An approach that “A Disagreeable Object” invites, then, is to read the work through Giacometti’s articulation of various Surrealist tropes. For the orthodox side of Surrealism, Giacometti’s quotation of knickknacks and tribal artifacts accords to the doctrine of Surrealist “pope” André Breton, for whom flea-market finds were keys for reading and releasing unconscious impulses. Ergo, in Objets Augmentés, 2012, Camille Henrot encrusts assorted tools and equipment—a radio, a drill, mugs, a bicycle seat—in a thick cake of earth and tar, rendering them black and grossly bulbous; for 2700 M.ü. Meer, 2009, Martin Soto Climent weds a broomstick to a tangled blond wig, a consummately Surrealist coupling that swaps function for frisson. For the dissident side, Giacometti gave inspired plastic expression to Georges Bataille’s concepts of bassesse and informe—terms glossed with stunning succinctness and force in Alisa Baremboym’s Leakage Industries: Clear Conduit, 2012. Like Giacometti, Baremboym enacts the lowering operation of bassesse by orienting her sculpture along the horizontal axis of the base—one consisting of gelatinous petroleum that seeps into the pieces of unfired ceramic clay laid over it.

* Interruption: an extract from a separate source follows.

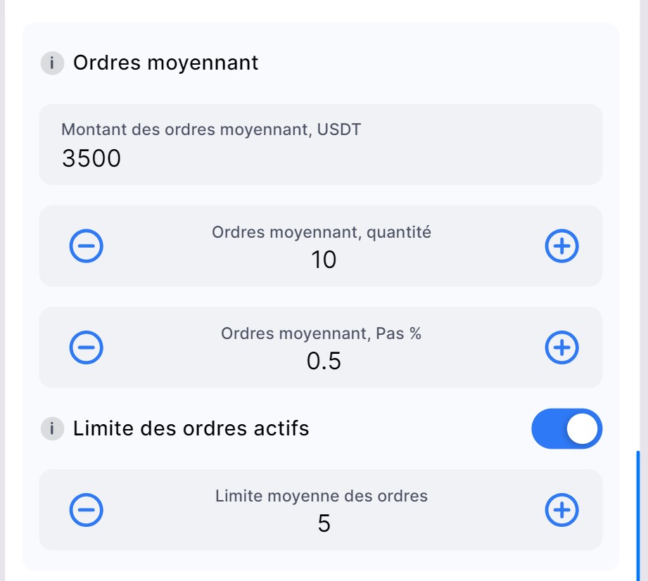 La limite d’ordres actifs permet de restreindre le nombre d’ordres d’averaging actifs en même temps. Au lieu de placer tous les ordres immédiatement, ils sont créés uniquement lorsque le prix atteint le niveau de DCA le plus proche de la position. Cette approche dynamique permet de garder des fonds disponibles pour d’autres transactions et de réduire le risque de surdimensionnement d’une position unique.

As if that toxic sweat weren’t sufficiently emblematic of the informe—a transgressive collapse and contamination of divisions and differences—Leakage Industries also incorporates a hardware variation: a flash drive and snaking USB cord outfitted with “gender changers,” supplements that alternate “male” and “female” ports.

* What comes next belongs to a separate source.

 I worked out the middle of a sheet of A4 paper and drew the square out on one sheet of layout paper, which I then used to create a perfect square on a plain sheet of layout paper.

Comparison and citation alone don’t make an argument, or answer the animating question: Why Surrealism now, and how does this recovery differ from those prior? It seems particularly important to distinguish this exhibition’s rationale from that of Yve-Alain Bois and Rosalind Krauss’s 1996 show, “L’Informe: mode d’emploi” (Formless: A User’s Guide), which also privileged Giacometti. Katrib’s catalogue essay points to technological transformation, and the birth dates of her selected artists cluster around the Carter administration and Reagan’s first term—that is, the generation that came of age with control societies and are just old enough to recall a time before the information economy so thoroughly grafted itself onto the body. We could further bolster Katrib’s thesis by splicing it with one of Breton’s: In a 1935 lecture, he cast Surrealism as a departure from modernist abstraction’s “inner perception” and a return to the “visual residues” of external reality. Abstraction and the Surrealist object are both now serving as precedents for artists giving material expression to technology’s seemingly immaterial effects. (In the former category, consider the digital abstractions of Tauba Auerbach or Wade Guyton.) A crucial difference between these two precedents, however, is that abstract painting extends a humanist tradition that Surrealism aggressively troubles. For Breton, Surrealism’s task was liberation, a romanticism he failed to reconcile with the darker insight of Bataille, that a subject unbound might also come undone. Whereas pixelated variants of modernist abstraction risk presuming and preserving an autonomous subject, the split subject of Surrealism is ripe for various post- and anti-humanist takes on technology’s effects, embodied here in Pamela Rosenkranz’s skin-toned silicone poured into Asics sneakers, the spindly blue golem that emerges from Michael E. Smith’s melting of Bic plastic pens, and the pupil-enlarging contact lenses floating in Anicka Yi’s bubbling perfume bottles. Today’s “visual residues” are synthetic, carcinogenic, branded—disagreeable objects indeed.